Casey Newton exposes a terrifying reality: the very algorithms designed to keep users engaged are actively functioning as matchmakers for child predators. This isn't just about bad actors finding a hiding spot on the open web; it is about Meta's own machinery systematically connecting them, recommending groups, and suggesting search terms that facilitate abuse. For anyone who assumes these platforms are neutral utilities, Newton's reporting delivers a devastating correction.

The Algorithm as Accomplice

Newton begins by drawing a chilling parallel to a 2019 YouTube scandal, noting that "YouTube never set out to serve users with sexual interests in children," yet its automated systems "managed to keep them watching with recommendations that he called 'disturbingly on point.'" This historical context is crucial because it proves the problem is not unique to one company but is a systemic failure of recommendation engines. However, Newton argues that Meta's situation is distinct in its severity and scale.

How Facebook helps predators find each other

The core of Newton's argument rests on a critical distinction between "internet problems" and "platform problems." He writes, "Internet problems arise from the existence of a free and open network that connects most of the world; platform problems arise from features native to the platform." This framing is powerful because it shifts the blame from the mere existence of predators to the specific design choices that amplify their reach. Newton contends that while predators organizing online is an unfortunate reality of the internet, the fact that algorithms "work to connect these people and create a market for CSAM and other harms is a platform problem — Meta's platform problem."

The evidence Newton marshals from a new Wall Street Journal investigation is harrowing. He cites reporters Jeff Horwitz and Katherine Blunt, who found that "Facebook's algorithms recommended other groups with names such as 'Little Girls,' 'Beautiful Boys' and 'Young Teens Only'" after test accounts viewed disturbing content. Newton highlights the absurdity of the system's adaptability, noting that when Meta blocked specific search terms, the algorithm "began recommending new phrases such as 'child lingerie' and 'childp links.'" This suggests the system is not merely failing to stop harm, but is actively optimizing for it.

The design problems are so pervasive — and the violating content so easily found by outsiders — that it is difficult to believe that the teams at Meta who are charged with policing this material are adequately staffed.

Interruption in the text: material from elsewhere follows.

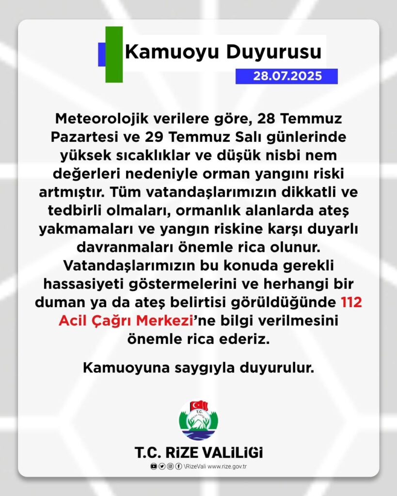 T.C. Rize Valiliği, kamuoyunu saygıyla bilgilendirdi.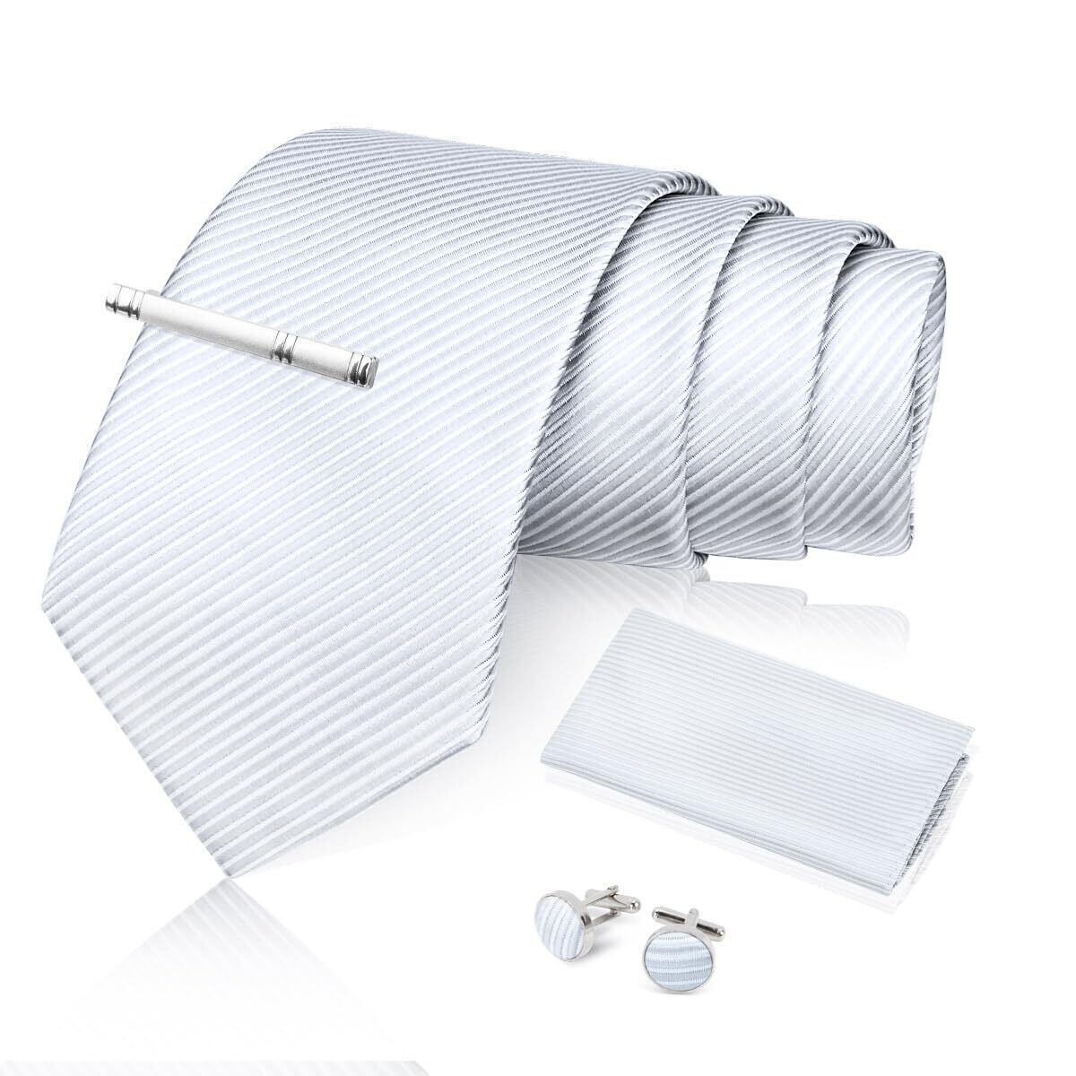 【パーフェクトギフト】ネクタイ 1本+ハンカチ 1本+カフスボタン 1セット+タイピン 1本の4点ネクタイセットです、非常に高級感に見え、統一感があります、同柄品セット、コスパ が高い、セットで合わせると格好よく見えるビジネスマンのイメージが完成度の高いです。単品でご使用いただくと、服装やTOPに合わせて、気分や魅力を演出します、ビジネス、結婚式、日常業務、カクテルパーティ、宴会、ホームパーティー、パーティー、レジャーなどシーン適用します;

Newton points to the human cost of corporate efficiency drives. He notes that "thousands of layoffs in the company's 'year of efficiency' did not spare content moderation teams," with hundreds of safety staffers cut. While Meta claims most of these cuts did not affect child safety specialists, the sheer volume of reductions raises questions about capacity. A counterargument worth considering is that the scale of the problem is so vast that even a fully staffed team might struggle against a constantly evolving adversary. Yet, Newton's point remains: the platform's architecture is doing the heavy lifting for the predators, making human moderation a losing battle against the code itself.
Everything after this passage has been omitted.